But there was a bit of a problem: in 2008, very few people were buying properties since the market was dropping so fast, and on top of that, not many properties were selling since there was so much coming on the market for buyers to choose from. However, I quickly found that there was an abundance of people looking to rent a home, and that's where I found my strength as a real estate agent. I would work 6 to 7 days a week, 10 to 12 hours a day, finding people homes and apartments to rent. Slowly but surely, that business built up. Those renters referred me to other renters who referred me to other renters, and really, within the first 6 months or so, I started building up an income of about a few thousand a month.

Then, after almost one year of doing that, I happened to sell my first house through a client that I met holding an open house for another agent. That very first deal that I closed was for $3.6 million, and that meant that my commission, after all the splits and fees, came to about $45,000. Not only was that a life-changing amount of money for me, but it also made me realize that if I could do it once, I had what it takes to do it again. If I just followed that same path, I could make even more money.

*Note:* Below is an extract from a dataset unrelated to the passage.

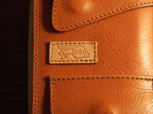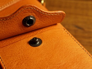 素材はイタリアConceria La Bretagna社のバケッタレザーのタンである。

Then from there, only 2 months after I sold the first house, I sold another house for $1.2 million to some tenants that I was showing around who decided to buy something instead. After that, the business just kept getting better and better. The more tenants I worked with, the more people they would refer me to, and the higher the chances were that one of them would eventually buy a house. I continued on that trajectory, working with pretty much anyone who was willing to work with me, saving as much money as I could.

Within about 3 and a half to 4 years, I had roughly $200,000 saved up. Now, at the time, I really wasn't saving that money for anything in particular. I just knew that my career as a real estate agent was so inconsistent that I didn't know when I would close my next deal or how long it would take or how much it would be, so I just felt safer saving as much as I could.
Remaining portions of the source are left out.